------ Source material
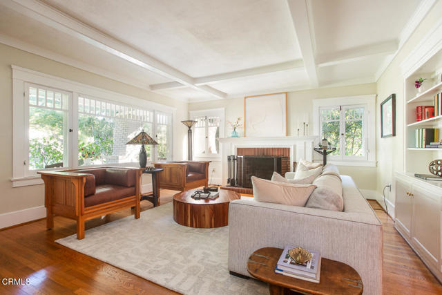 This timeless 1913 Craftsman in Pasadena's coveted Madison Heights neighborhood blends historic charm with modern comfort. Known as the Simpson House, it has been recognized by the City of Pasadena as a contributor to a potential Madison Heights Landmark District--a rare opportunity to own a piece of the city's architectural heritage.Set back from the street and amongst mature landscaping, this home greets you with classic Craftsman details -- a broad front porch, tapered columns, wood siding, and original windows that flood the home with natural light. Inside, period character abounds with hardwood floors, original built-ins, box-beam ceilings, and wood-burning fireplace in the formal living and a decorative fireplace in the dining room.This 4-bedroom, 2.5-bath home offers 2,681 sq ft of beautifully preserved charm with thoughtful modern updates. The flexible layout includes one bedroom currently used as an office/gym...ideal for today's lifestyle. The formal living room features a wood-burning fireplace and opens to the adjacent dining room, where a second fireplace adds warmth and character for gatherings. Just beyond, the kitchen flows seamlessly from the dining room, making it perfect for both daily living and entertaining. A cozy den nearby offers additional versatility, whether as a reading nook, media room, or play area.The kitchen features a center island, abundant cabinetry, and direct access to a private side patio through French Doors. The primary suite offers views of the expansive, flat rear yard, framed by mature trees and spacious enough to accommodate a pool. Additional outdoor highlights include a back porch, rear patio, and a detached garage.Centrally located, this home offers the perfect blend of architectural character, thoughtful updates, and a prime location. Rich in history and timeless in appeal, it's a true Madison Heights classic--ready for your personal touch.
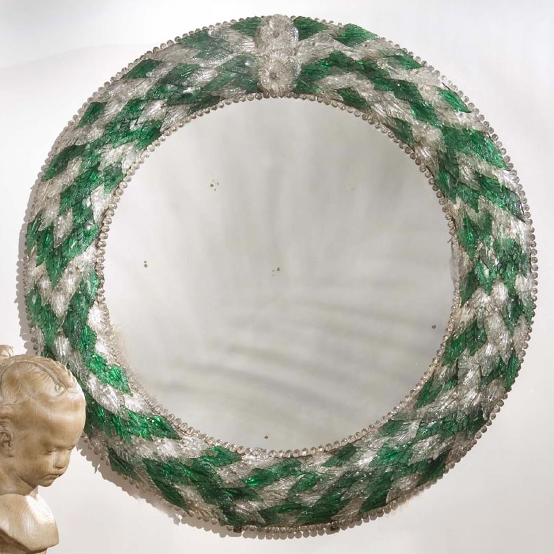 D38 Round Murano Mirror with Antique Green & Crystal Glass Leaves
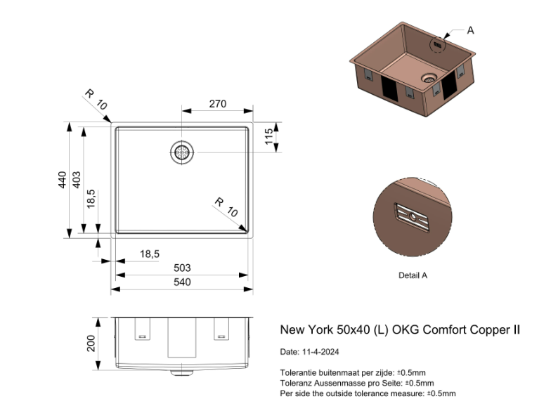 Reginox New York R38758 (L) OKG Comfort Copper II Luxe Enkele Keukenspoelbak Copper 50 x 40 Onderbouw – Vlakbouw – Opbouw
------------
§ What is needed
Reproduce the lines of the listing exactly, starting at the one that contains "D38 Round Murano" and continuing through the final line, but leave out the pictures.

§ Solution
 D38 Round Murano Mirror with Antique Green & Crystal Glass Leaves
 Reginox New York R38758 (L) OKG Comfort Copper II Luxe Enkele Keukenspoelbak Copper 50 x 40 Onderbouw – Vlakbouw – Opbouw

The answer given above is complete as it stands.